__Material for this exercise__.

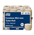 Dvojvrstvový biely toaletný papier z celulózy do zásobníkov Tork Mid-size, balený v kartóne po 27 ks. Dĺžka kotúča 100 m, priemer kotúča 13,2 cm.
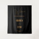Simple Elegant Black Welcome Script Mariage Bannière de fond. Une bannière noire au design épuré et élégant, avec un message "Welcome" scénarisé. Design simple avec script et polices à la mode. Personnalisez tout le texte sur la bannière, y compris les noms de la mariée et du marié et la date du mariage.
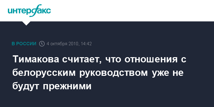 Тимакова считает, что отношения с белорусским руководством уже не будут прежними
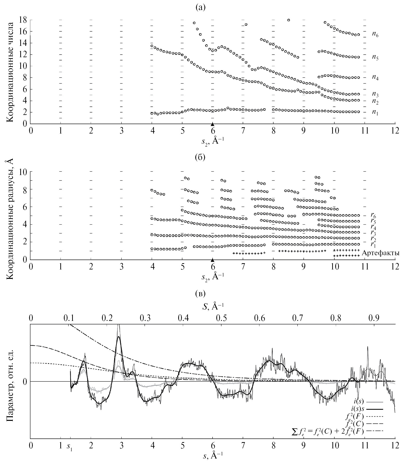 Результаты расчетов при варьировании верхнего предела интегрирования s2 в интервале от 4 до 10.8 Å–1 представлены на рис. 10. Нижняя граница (4 Å–1) выбрана таким образом, чтобы в промежуток интегрирования попадало не менее двух интерференционных максимумов (гало). В противном случае описанная процедура поиска коэффициента нормировки теряет физический смысл (для наглядности и удобства сравнения интерференционная кривая представлена на том же рисунке в том же масштабе по шкале абсцисс (рис. 7б)). Верхняя граница (10.8 Å–1) выбрана исходя из того, что нет уверенности в корректности экспериментальных данных при больших значениях s2 (рис. 10в). Пропущенные значения соответствуют ситуациям, когда пики на графике не выделяются из-за отсутствия четких минимумов слева и справа от них.
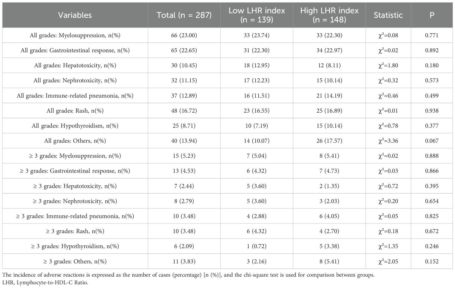 In this study cohort, the majority of patients tolerated chemo-immunotherapy well, with no cases of treatment discontinuation due to adverse events (Table 6). The most common adverse events included myelosuppression (23.0%), gastrointestinal reactions (22.7%), rash (16.7%), immune-related pneumonia (12.9%), hepatotoxicity (10.5%), renal and gastrointestinal reactions (4.5%), immune-related pneumonia (3.5%), rash (3.5%), nephrotoxicity (2.8%), hepatotoxicity (2.4%), and hypothyroidism (2.1%). Overall, adverse events were manageable and did not lead to treatment discontinuation. No significant differences were observed between the two groups in the incidence of adverse events (p > 0.05).
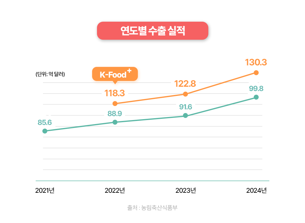 한식은 세계 미식의 중심지에서도 당당히 인정받고 있습니다. 뉴욕타임스가 발표한 ‘2024 뉴욕 최고의 레스토랑 100곳’에 7개의 한식당이 이름을 올렸는데요. 이를 증명하듯, 2024년 K-푸드 플러스 수출액은 130억 달러(한화 약 17조 9,400억 원)를 돌파하며 역대 최고치를 기록했습니다. 농식품 수출 1위 품목인 라면은 드라마, 영화 등 K-콘텐츠에 자주 노출되고 라면먹기 챌린지가 유행하면서 권역별 고른 성장세를 보였는데요. 특히 미국에서는 텍사스의 대형 유통매장 신규 입점에 성공하면서 수출이 70% 이상 증가했다고 해요.
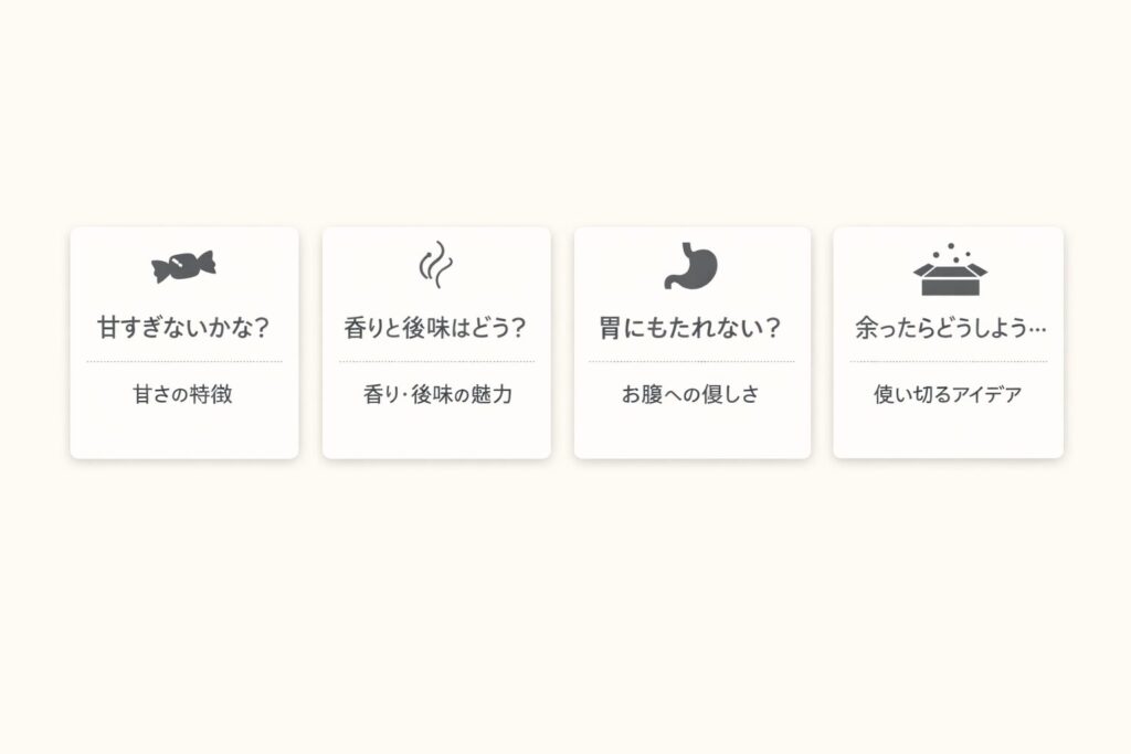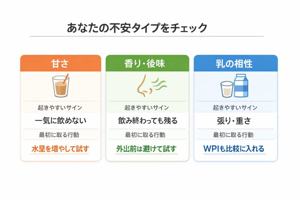 買う前の迷いは、甘さ・香りと後味・乳の相性のどこに不安があるかで、進め方が変わります。

__What the task asks__.
From the listing above, print every entry precisely and drop the pictures.

__Exercise response__.
 Dvojvrstvový biely toaletný papier z celulózy do zásobníkov Tork Mid-size, balený v kartóne po 27 ks. Dĺžka kotúča 100 m, priemer kotúča 13,2 cm.
Simple Elegant Black Welcome Script Mariage Bannière de fond. Une bannière noire au design épuré et élégant, avec un message "Welcome" scénarisé. Design simple avec script et polices à la mode. Personnalisez tout le texte sur la bannière, y compris les noms de la mariée et du marié et la date du mariage.
 Тимакова считает, что отношения с белорусским руководством уже не будут прежними
 Результаты расчетов при варьировании верхнего предела интегрирования s2 в интервале от 4 до 10.8 Å–1 представлены на рис. 10. Нижняя граница (4 Å–1) выбрана таким образом, чтобы в промежуток интегрирования попадало не менее двух интерференционных максимумов (гало). В противном случае описанная процедура поиска коэффициента нормировки теряет физический смысл (для наглядности и удобства сравнения интерференционная кривая представлена на том же рисунке в том же масштабе по шкале абсцисс (рис. 7б)). Верхняя граница (10.8 Å–1) выбрана исходя из того, что нет уверенности в корректности экспериментальных данных при больших значениях s2 (рис. 10в). Пропущенные значения соответствуют ситуациям, когда пики на графике не выделяются из-за отсутствия четких минимумов слева и справа от них.
 In this study cohort, the majority of patients tolerated chemo-immunotherapy well, with no cases of treatment discontinuation due to adverse events (Table 6). The most common adverse events included myelosuppression (23.0%), gastrointestinal reactions (22.7%), rash (16.7%), immune-related pneumonia (12.9%), hepatotoxicity (10.5%), renal and gastrointestinal reactions (4.5%), immune-related pneumonia (3.5%), rash (3.5%), nephrotoxicity (2.8%), hepatotoxicity (2.4%), and hypothyroidism (2.1%). Overall, adverse events were manageable and did not lead to treatment discontinuation. No significant differences were observed between the two groups in the incidence of adverse events (p > 0.05).
 한식은 세계 미식의 중심지에서도 당당히 인정받고 있습니다. 뉴욕타임스가 발표한 ‘2024 뉴욕 최고의 레스토랑 100곳’에 7개의 한식당이 이름을 올렸는데요. 이를 증명하듯, 2024년 K-푸드 플러스 수출액은 130억 달러(한화 약 17조 9,400억 원)를 돌파하며 역대 최고치를 기록했습니다. 농식품 수출 1위 품목인 라면은 드라마, 영화 등 K-콘텐츠에 자주 노출되고 라면먹기 챌린지가 유행하면서 권역별 고른 성장세를 보였는데요. 특히 미국에서는 텍사스의 대형 유통매장 신규 입점에 성공하면서 수출이 70% 이상 증가했다고 해요.
 買う前の迷いは、甘さ・香りと後味・乳の相性のどこに不安があるかで、進め方が変わります。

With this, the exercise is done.